Hi I am new to this and for most application I have been using the dataloader in utils.data to load in batches of images. However I am now trying to load images in different batch size. For example my first iteration loads in batch of 10, second loads in batch of 20.
Thank you very much for your answers!!
I actually found what I wanted with the sampler in this discussion: 405015099 and changing the batch size with a batch_size for each source (here my data_source is the concatenation of datasets with specific batch_size for each).
Not very clean but seems to work.
class ClusterRandomSampler(Sampler):
r"""Takes a dataset with cluster_indices property, cuts it into batch-sized chunks
Drops the extra items, not fitting into exact batches
Arguments:
data_source (Dataset): a Dataset to sample from. Should have a cluster_indices property
batch_size (int): a batch size that you would like to use later with Dataloader class
shuffle (bool): whether to shuffle the data or not
"""
def __init__(self, data_source, batch_size=None, shuffle=True):
self.data_source = data_source
if batch_size is not None:
assert self.data_source.batch_sizes is None, "do not declare batch size in sampler " \
"if data source already got one"
self.batch_sizes = [batch_size for _ in self.data_source.cluster_indices]
else:
self.batch_sizes = self.data_source.batch_sizes
self.shuffle = shuffle
def flatten_list(self, lst):
return [item for sublist in lst for item in sublist]
def __iter__(self):
batch_lists = []
for j, cluster_indices in enumerate(self.data_source.cluster_indices):
batches = [
cluster_indices[i:i + self.batch_sizes[j]] for i in range(0, len(cluster_indices), self.batch_sizes[j])
]
# filter our the shorter batches
batches = [_ for _ in batches if len(_) == self.batch_sizes[j]]
if self.shuffle:
random.shuffle(batches)
batch_lists.append(batches)
# flatten lists and shuffle the batches if necessary
# this works on batch level
lst = self.flatten_list(batch_lists)
if self.shuffle:
random.shuffle(lst)
return iter(lst)
def __len__(self):
return len(self.data_source)
I have been trying to use collate_fn for this purpose but haven’t figured out how, yet. Can you give any pointers? My problem right now is the sampler gives collate_fn 16 samples at a time, but I want the batch size to be 128. Is this possible with this approach?

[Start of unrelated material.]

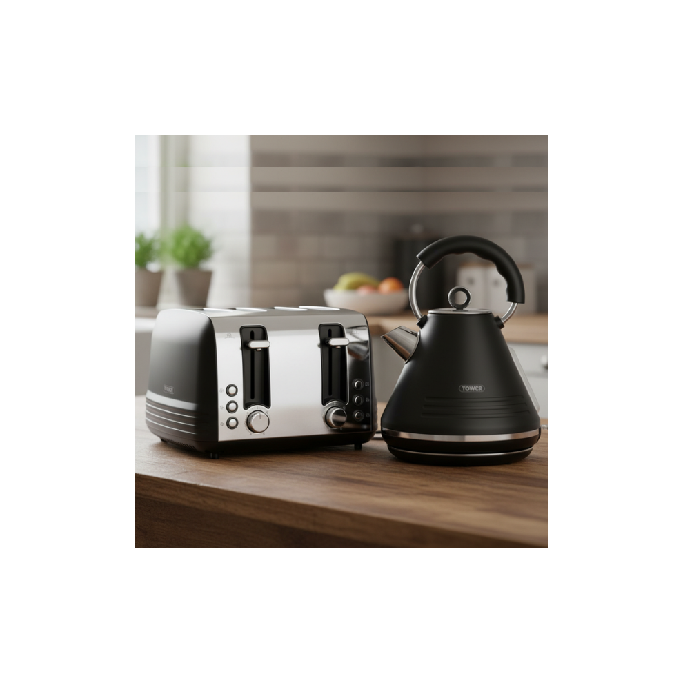 Morphy Richards Vector Pyramid Kettle and 4-Slice Toaster Set – 1.7L Rapid Boil Traditional Kettle with Anti-Limescale Filter & Variable Browning 4-Slice Toaster, Black 108131 | 248131

The collate_fn is used to process the batch of samples in a custom way. It doesn’t specify the batch size, which is set in the DataLoader.
Could you explain your issue a bit more, i.e. are you setting a batch size of 128 in the DataLoader and each batch contains just 16 samples?
I’m trying to replicate the original StyleGAN’s batch size schedule: 128, 128, 128, 64, 32, 16 as the progressive growing is applied. I know I can recreate the DataLoader when I want to switch, but I’m working inside an extant framework that makes that a clunky change to make.
I never did figure out how to use collate_fn here so instead, I’m initializing my DataLoader with a batch_size of 16, and in my training loop I collect and concatenate these batches until I reach the actual batch size I want at any given time. This only works because all the batch sizes are divisible by 16. I tried to do this in collate_fn at first, I thought maybe it received a generator and I could return a different generator, but that wasn’t the case.
I’m still interested to know how collate_fn can be used to yield variable batch sizes, maybe it would be cleaner than my solution.
You could use this code snippet to see an example.
Note that the “variable size” is usually the temporal dimension or the spatial dimensions (e.g. images with a different resolution) not the batch size.
I’ve come across the same issue while trying to implement this functionality of StyleGAN using PyTorch Lightning, which I believe is like your use case. Any luck on your end in resolving this issue?
I also wish there was a way to do this, e.g. make the batch size depend on the size of the input samples in the case of variable-length input data, such as sentences, etc.